[RECORDS SUPPLIED Boundary: Start]

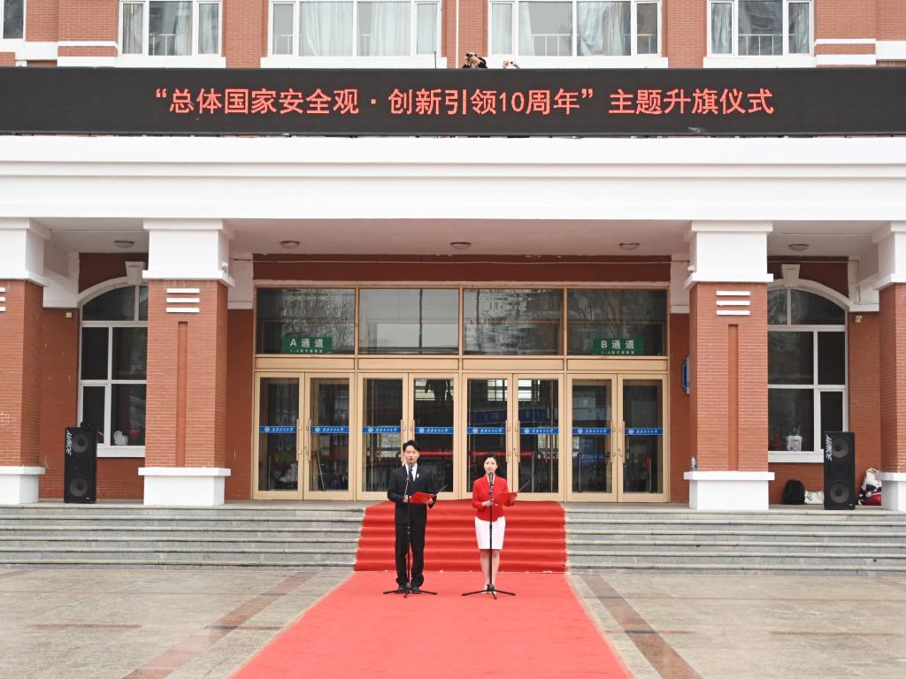 今年是習(xí)近平總書記提出總體國家安全觀10周年,今年的4月15日是第九個全民國家安全教育日。為貫徹落實(shí)習(xí)近平總書記關(guān)于加強(qiáng)國家安全教育的重要指示批示精神,深入開展國家安全宣傳教育活動,使關(guān)心國家安全、維護(hù)國家安全成為全校師生員工的思想共識和行動自覺,4月15日,我校在中區(qū)廣場舉行全民國家安全教育日主題升旗儀式暨“總體國家安全觀·創(chuàng)新引領(lǐng)10周年”主題團(tuán)日活動。學(xué)校黨委副書記張文治出席活動,學(xué)生工作部(學(xué)生處)部(處)長杜海權(quán)、武裝部(保衛(wèi)處)部(處)長趙振華、校團(tuán)委書記羅霄和相關(guān)部門全體干部,各學(xué)院(部)團(tuán)干部、團(tuán)員代表、學(xué)校參軍預(yù)備隊代表參加活動?;顒佑闪_霄主持。
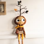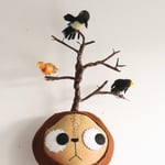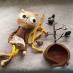 This kitty has a wool-felt hat in chestnut brown. It is blanket-stitched by hand and fastened with a vintage button and a little shirring elastic. A delicately handcrafted little tree, made from wire and paper, hand pained with gouache and drawing ink, which has then been varnished, is stitched atop the hat. The tree has little needle-felted birds roosting in its branches. The tree is wired and can be posed gently.
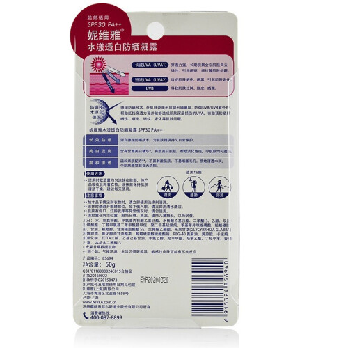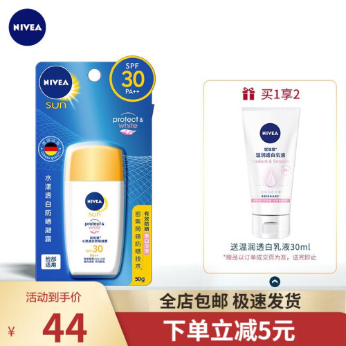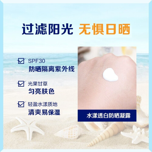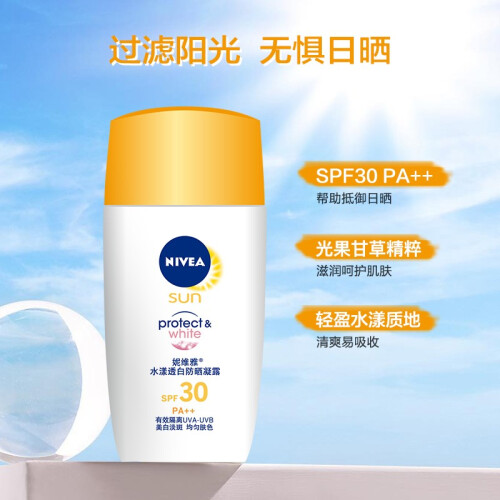 当前的位置: 首页 > 今日值得买 > 妮维雅(NIVEA) 防晒霜男女士通用清爽控油保湿不油腻防汗隔离面部户外防晒乳液 水漾透白防晒凝露50g SPF30 PA++
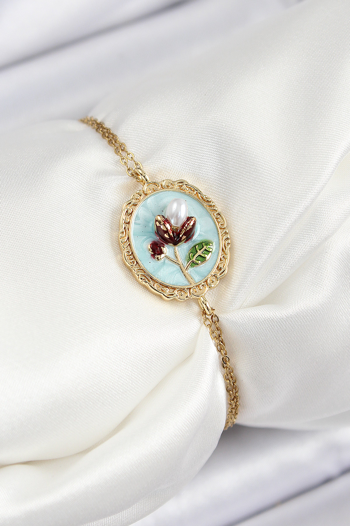316L Çelik Zincir Turkuaz Mineli Sanatsal Portre İnci Detaylı Lale Model Gold Renk Kadın Bileklik - TJ-BB7238
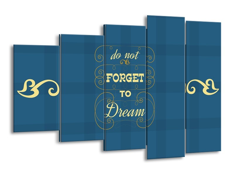 Glasschilderij Tekst, Modern | Blauw, Geel | 150x100cm 5Luik
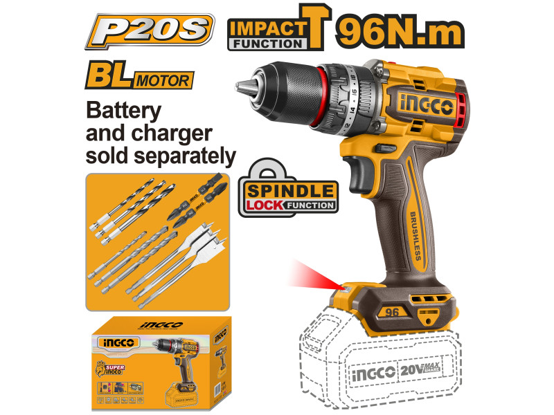 Fúrás, csavarozás, betonfúrásSzénkefe nélküli motor, erős teljesítmény, max. 96 Nm nyomaték13 mm-es teljesen fémből készült tokmány zárral, stabilabb befogás22+1+1 fokozatú állítás ütvefúró funkcióval, különböző munkakörülményekhezTartozékdobozzal szállítva, sokoldalú felhasználásTeljesen alumínium hajtóműház
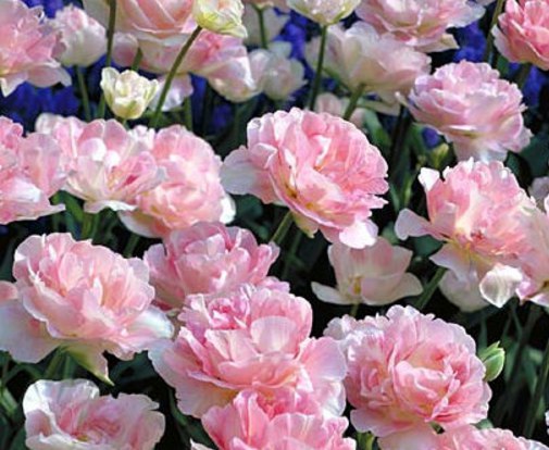 Тюльпан Angelica - очень изящный и нежный цветок, относится к поздним сортам. Цветет в мае. Высота растения 35-50 см. Цветок чашевидный, бело-розовый, диаметром 9 см, состоит из большого количества лепестков, образуюших бутон, высотой 6 см. Диаметр луковицы около 4 см.
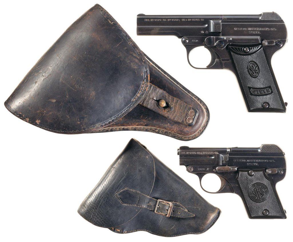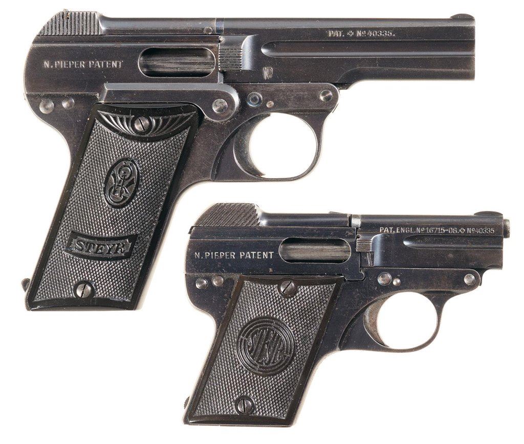 Two Steyr-Pieper Semi-Automatic Pistols with Holsters -A) Steyr Model 1908 Pistol
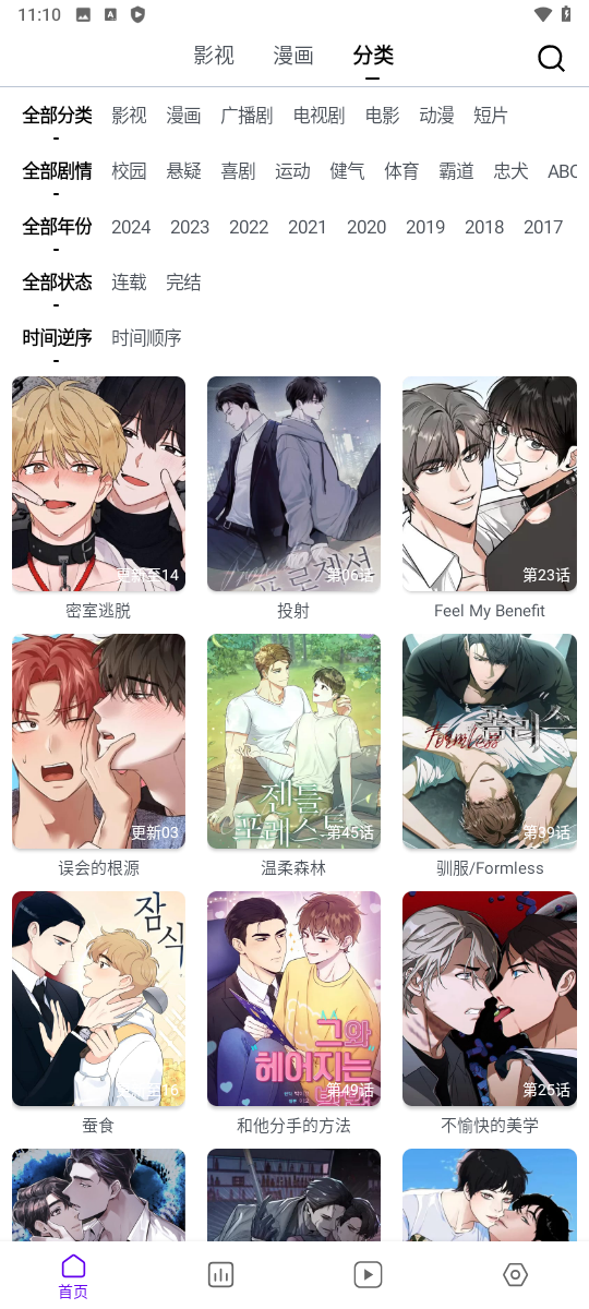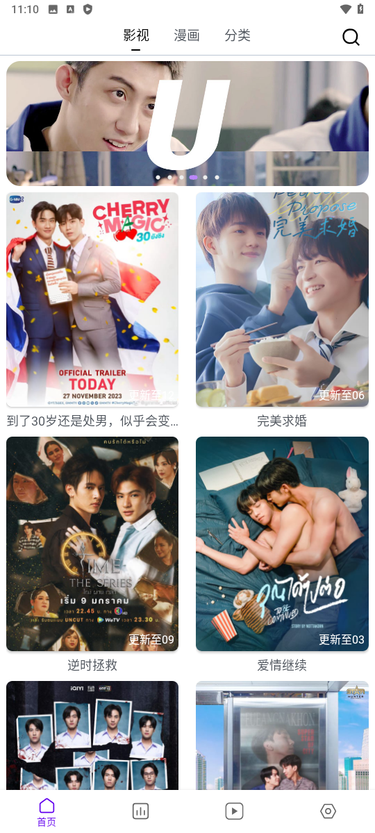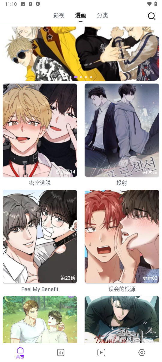 2、进入首页,可以看到上方的【影视】、【漫画】等分区
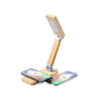 Reloj multifunción con pantalla táctil retroiluminada y cargador inalámbrico 15W integrado, con salida USB(5V DC 2A). Plegable y fabricado en bambú, con funciones fecha/hora y alarma. Lámpara con 16 LEDs y 3 posiciones de iluminación, con intensidad de luz regulable. Cable de carga Tipo C incluido y compatible con dispositivos equipados con tecnología de carga inalámbrica Qi. Presentado en caja individual de diseño kraft, con manual de instrucciones en español en inglés. Fabricado conforme a los estándares RoHS y en cumplimiento con los siguientes requisitos de seguridad: Sistema de protección contra sobrecalentamiento. Sistema de protección contra sobrecarga. Sistema de bloqueo para evitar cortocircuitos. 16 Ledes. 3 Posiciones de Luz. Intensidad de Luz Regulable. Conexión USB. Inalámbrico 15W. Salida USB. Plegable
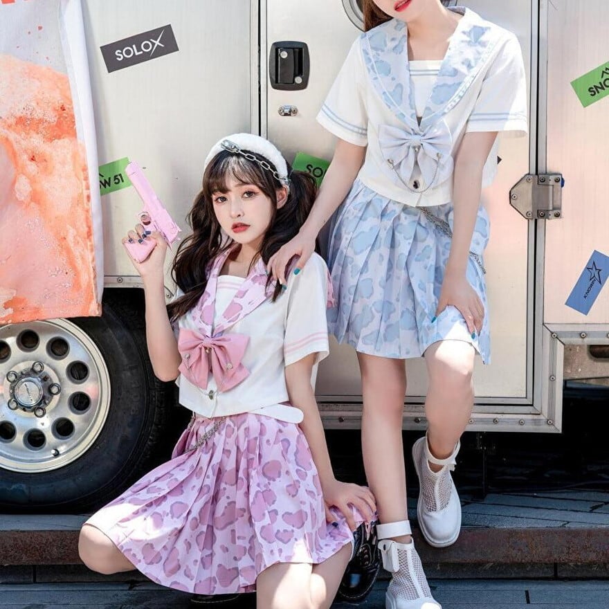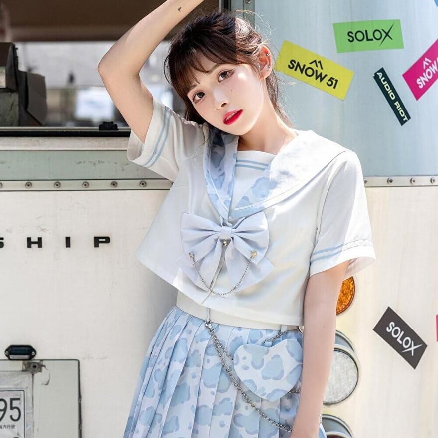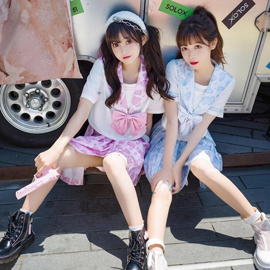 サブカル 服 地雷系 通販 セットアップ セーラー服 半袖 プリーツスカート リボン ガーリー 甘め ロマンティック ゆめかわ
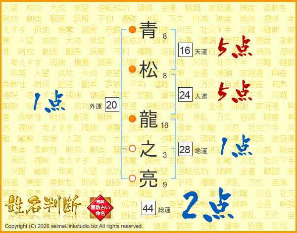 青(8画)松(8画) 龍(16画)之(3画)亮(9画)
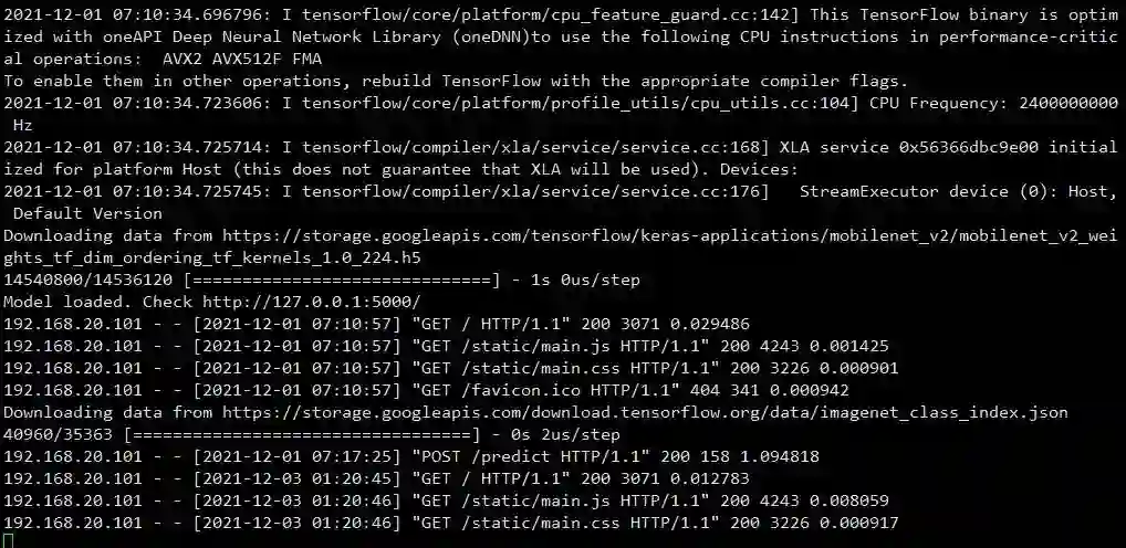 下面进入正文,来看基于docker和Flask如何快速部署一个深度学习模型,模型是一个基于MobileNetV2的图像分类器。用于启动REST API的app.py文件代码编写如下:
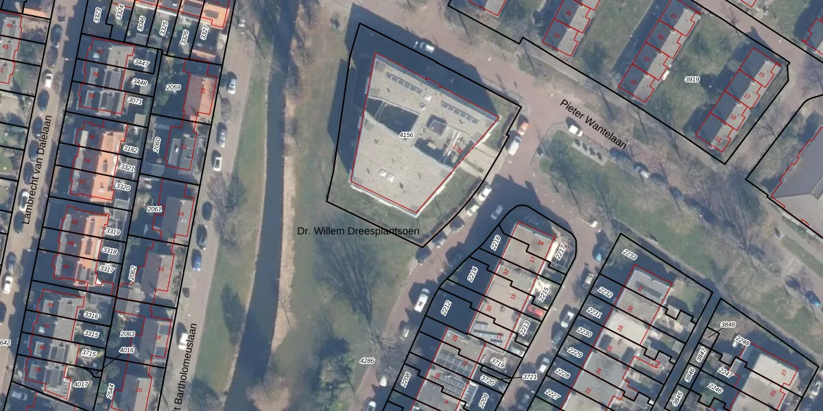 Dr. Willem Dreesplantsoen 11 is gelegen op kadastraal perceel HLM02T4156. Deze kadastrale aanduiding is uniek en wordt gebruikt door het Kadaster om eigendomsrechten en andere zakelijke rechten vast te leggen. Het perceel maakt onderdeel uit van de kadastrale gemeente Haarlem.
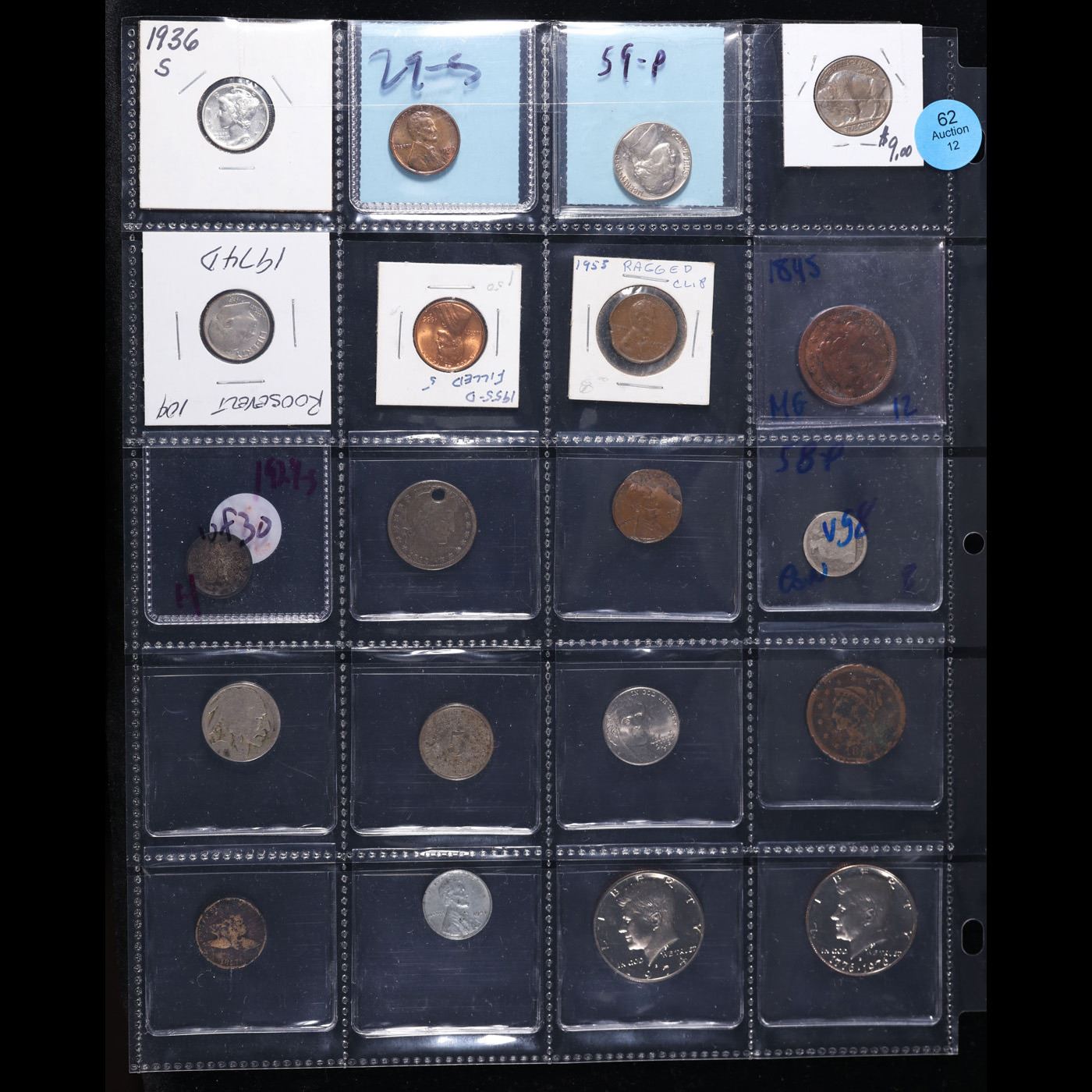 Huge Liifetime Collection - Too Many Coins To Auction Individually - This Lot is For One Page of 20 Coins - All US, No Foreign WOW!. We have received a huge collection of over 10 thousand US coins in flips, 2x2 holders, and 20 coin pages. We are forced, due to limited lots, to sell this collection in pages of 20 coins. All of the pages include Silver Coins. Most contain Indian Cents, Proof Coins, Barber Coinage, Bust Coinage, Lincoln Cents, Flying Eagles, Jefferson Nickels, Roosevelt Dimes, Buffalo Nickels, Eisenhower Dollars, Kennedy Halves, Large Cents including some Draped Bust Large Cents, Mercury Dimes, and Liberty V Nickels. These pages could not be reviewed by anyone in our office due to time constraints. We estimate the value of each page to meet or exceed $200 in value! Good luck and happy hunting.

[RECORDS SUPPLIED Boundary: End]

• AIM OF THE TASK: A faithful copy of all the records is required, with the pictures left out.

• ANSWER BOX:
 今年是習(xí)近平總書記提出總體國家安全觀10周年,今年的4月15日是第九個全民國家安全教育日。為貫徹落實(shí)習(xí)近平總書記關(guān)于加強(qiáng)國家安全教育的重要指示批示精神,深入開展國家安全宣傳教育活動,使關(guān)心國家安全、維護(hù)國家安全成為全校師生員工的思想共識和行動自覺,4月15日,我校在中區(qū)廣場舉行全民國家安全教育日主題升旗儀式暨“總體國家安全觀·創(chuàng)新引領(lǐng)10周年”主題團(tuán)日活動。學(xué)校黨委副書記張文治出席活動,學(xué)生工作部(學(xué)生處)部(處)長杜海權(quán)、武裝部(保衛(wèi)處)部(處)長趙振華、校團(tuán)委書記羅霄和相關(guān)部門全體干部,各學(xué)院(部)團(tuán)干部、團(tuán)員代表、學(xué)校參軍預(yù)備隊代表參加活動?;顒佑闪_霄主持。
 This kitty has a wool-felt hat in chestnut brown. It is blanket-stitched by hand and fastened with a vintage button and a little shirring elastic. A delicately handcrafted little tree, made from wire and paper, hand pained with gouache and drawing ink, which has then been varnished, is stitched atop the hat. The tree has little needle-felted birds roosting in its branches. The tree is wired and can be posed gently.
 当前的位置: 首页 > 今日值得买 > 妮维雅(NIVEA) 防晒霜男女士通用清爽控油保湿不油腻防汗隔离面部户外防晒乳液 水漾透白防晒凝露50g SPF30 PA++
316L Çelik Zincir Turkuaz Mineli Sanatsal Portre İnci Detaylı Lale Model Gold Renk Kadın Bileklik - TJ-BB7238
 Glasschilderij Tekst, Modern | Blauw, Geel | 150x100cm 5Luik
 Fúrás, csavarozás, betonfúrásSzénkefe nélküli motor, erős teljesítmény, max. 96 Nm nyomaték13 mm-es teljesen fémből készült tokmány zárral, stabilabb befogás22+1+1 fokozatú állítás ütvefúró funkcióval, különböző munkakörülményekhezTartozékdobozzal szállítva, sokoldalú felhasználásTeljesen alumínium hajtóműház
 Тюльпан Angelica - очень изящный и нежный цветок, относится к поздним сортам. Цветет в мае. Высота растения 35-50 см. Цветок чашевидный, бело-розовый, диаметром 9 см, состоит из большого количества лепестков, образуюших бутон, высотой 6 см. Диаметр луковицы около 4 см.
 Two Steyr-Pieper Semi-Automatic Pistols with Holsters -A) Steyr Model 1908 Pistol
 2、进入首页,可以看到上方的【影视】、【漫画】等分区
 Reloj multifunción con pantalla táctil retroiluminada y cargador inalámbrico 15W integrado, con salida USB(5V DC 2A). Plegable y fabricado en bambú, con funciones fecha/hora y alarma. Lámpara con 16 LEDs y 3 posiciones de iluminación, con intensidad de luz regulable. Cable de carga Tipo C incluido y compatible con dispositivos equipados con tecnología de carga inalámbrica Qi. Presentado en caja individual de diseño kraft, con manual de instrucciones en español en inglés. Fabricado conforme a los estándares RoHS y en cumplimiento con los siguientes requisitos de seguridad: Sistema de protección contra sobrecalentamiento. Sistema de protección contra sobrecarga. Sistema de bloqueo para evitar cortocircuitos. 16 Ledes. 3 Posiciones de Luz. Intensidad de Luz Regulable. Conexión USB. Inalámbrico 15W. Salida USB. Plegable
 サブカル 服 地雷系 通販 セットアップ セーラー服 半袖 プリーツスカート リボン ガーリー 甘め ロマンティック ゆめかわ
 青(8画)松(8画) 龍(16画)之(3画)亮(9画)
 下面进入正文,来看基于docker和Flask如何快速部署一个深度学习模型,模型是一个基于MobileNetV2的图像分类器。用于启动REST API的app.py文件代码编写如下:
 Dr. Willem Dreesplantsoen 11 is gelegen op kadastraal perceel HLM02T4156. Deze kadastrale aanduiding is uniek en wordt gebruikt door het Kadaster om eigendomsrechten en andere zakelijke rechten vast te leggen. Het perceel maakt onderdeel uit van de kadastrale gemeente Haarlem.
 Huge Liifetime Collection - Too Many Coins To Auction Individually - This Lot is For One Page of 20 Coins - All US, No Foreign WOW!. We have received a huge collection of over 10 thousand US coins in flips, 2x2 holders, and 20 coin pages. We are forced, due to limited lots, to sell this collection in pages of 20 coins. All of the pages include Silver Coins. Most contain Indian Cents, Proof Coins, Barber Coinage, Bust Coinage, Lincoln Cents, Flying Eagles, Jefferson Nickels, Roosevelt Dimes, Buffalo Nickels, Eisenhower Dollars, Kennedy Halves, Large Cents including some Draped Bust Large Cents, Mercury Dimes, and Liberty V Nickels. These pages could not be reviewed by anyone in our office due to time constraints. We estimate the value of each page to meet or exceed $200 in value! Good luck and happy hunting.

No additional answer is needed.